In a healthy gut, about 85% of the total microbiota is ‘good’ bacteria and the remaining 15% or so are ‘bad’ bacteria; this is how nature has set it up. Having bad bacteria in the gut isn’t a problem necessarily because the good bacteria keep them in check; ensuring population control of the undesirable microbiota by releasing chemicals such as lactic acid and other compounds that prevent the bad ones from taking over. Due to the large percentage of good bacteria, they help to crowd out the mischievous potentially problematic bacteria, fungi, and yeasts, helping to prevent an overgrowth.

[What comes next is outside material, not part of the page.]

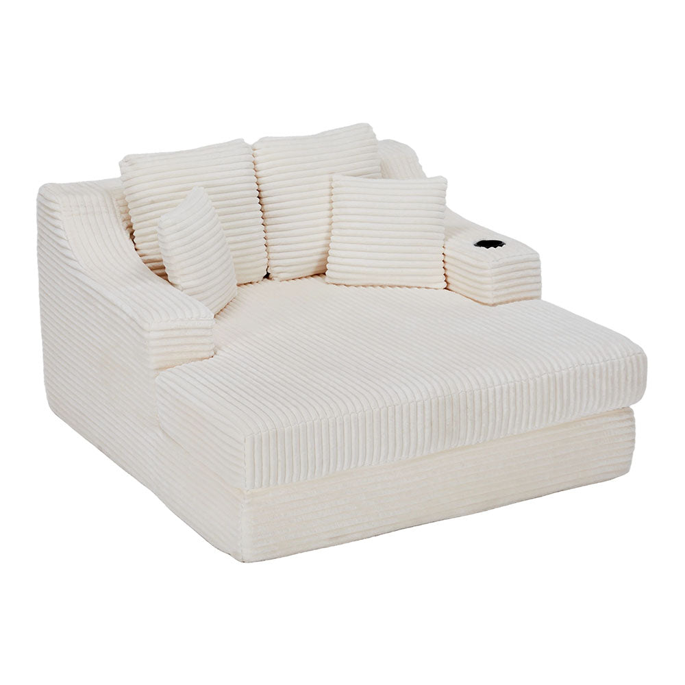 Discover a soothing retreat right at home with this chaise lounge sofa bed. Its clean, streamlined design complements any interior, while the soft corduroy upholstery with subtle vertical ribbing adds inviting texture. A built-in cup holder on the left armrest keeps your drink securely in place during reading, binge-watching, or peaceful moments of rest. Two matching throw pillows add extra comfort and a refined finishing touch. Whether you are enjoying a lazy Sunday afternoon or immersed in an intense gaming session, it offers a personal oasis where you can relax and unwind with ease.
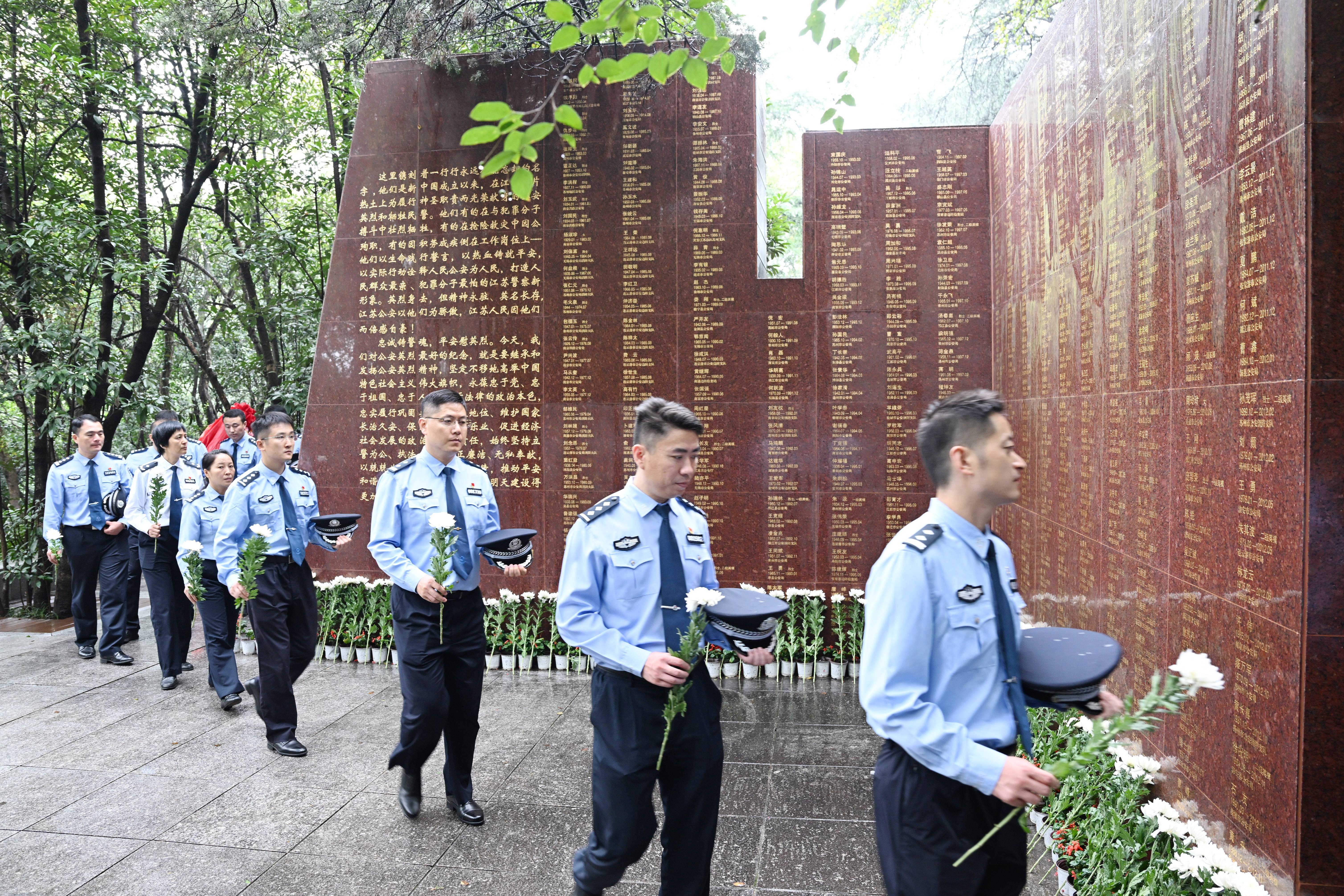 雨后的南京雨花台烈士陵园,空气格外清新,苍松翠柏环绕中,江苏公安英烈纪念墙岿然屹立。上午9时许,在宁省公安厅党委成员,特勤局和江苏警官学院党委成员,厅机关厅级干部、各部门单位主要负责人,以及民警、辅警、学警代表共百余人,在英烈墙前排成整齐的方阵,庄严肃立,齐唱国歌。国歌唱毕,全体人员脱帽致礼,向公安英烈默哀。2名仪仗队员正步向前,向英烈墙敬献花篮。全体民警重温公安机关人民警察誓词。誓言铿锵,丹心闪耀。

It’s only when this delicate balance is disturbed that health can suffer as the bad bacteria can multiply; a condition called dysbiosis.

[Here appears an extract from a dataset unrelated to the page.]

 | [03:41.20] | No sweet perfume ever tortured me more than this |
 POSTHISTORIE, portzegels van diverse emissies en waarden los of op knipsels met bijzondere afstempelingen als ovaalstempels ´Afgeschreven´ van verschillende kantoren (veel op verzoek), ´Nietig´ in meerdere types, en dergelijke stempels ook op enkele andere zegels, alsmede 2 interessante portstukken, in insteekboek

Microbiota imbalances have been attributed to:
a diet high in sugar & low in fiber
food borne illness, a.k.a. ‘food poisoning’
alcohol & recreational drug use
birth control pills
common medications like antibiotics, ibuprofen, ASA, Naproxen, corticosteroids like prednisone, acid reducers like Prevacid, Nexium, Zantac, Pepcid etc
The distinction between probiotics and microbiota is subtle but important. It distinguishes between the bacteria that colonize and are native to the gut following birth [microbiota] to those that can be consumed, either as a food or supplement for health benefits [probiotics]. Probiotics therefore are healthy bacteria that are consumed in order to augment, and enhance, the existing bacteria that all people have.

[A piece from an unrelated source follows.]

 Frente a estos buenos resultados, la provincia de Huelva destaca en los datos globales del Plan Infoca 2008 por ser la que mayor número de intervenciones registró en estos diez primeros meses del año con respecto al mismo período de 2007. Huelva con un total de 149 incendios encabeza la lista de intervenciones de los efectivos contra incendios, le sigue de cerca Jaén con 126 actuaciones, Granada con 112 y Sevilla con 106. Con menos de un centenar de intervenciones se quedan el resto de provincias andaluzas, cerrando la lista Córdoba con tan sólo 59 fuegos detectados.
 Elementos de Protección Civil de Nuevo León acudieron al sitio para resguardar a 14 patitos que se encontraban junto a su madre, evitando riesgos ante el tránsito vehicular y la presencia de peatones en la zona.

The definition used by the Food and Agricultural Organization of the United Nations which has been adopted by most producers of high quality probiotic food products and supplements, and by the Scientific Association for Probiotics and Prebiotics, is:
“probiotics are live microorganisms which when administered in adequate amounts confer a health benefit to the host”
Clinically-proven probiotics have been shown to manage many health conditions not the least of which is antibiotic associated diarrhea and antibiotic associated C difficile colitis infection. Other benefits include reducing the risk for, and treatment of travellers’ diarrhea, radiation associated diarrhea, pouchitis, ulcerative colitis, Crohn’s disease, candidiasis, IBS and more.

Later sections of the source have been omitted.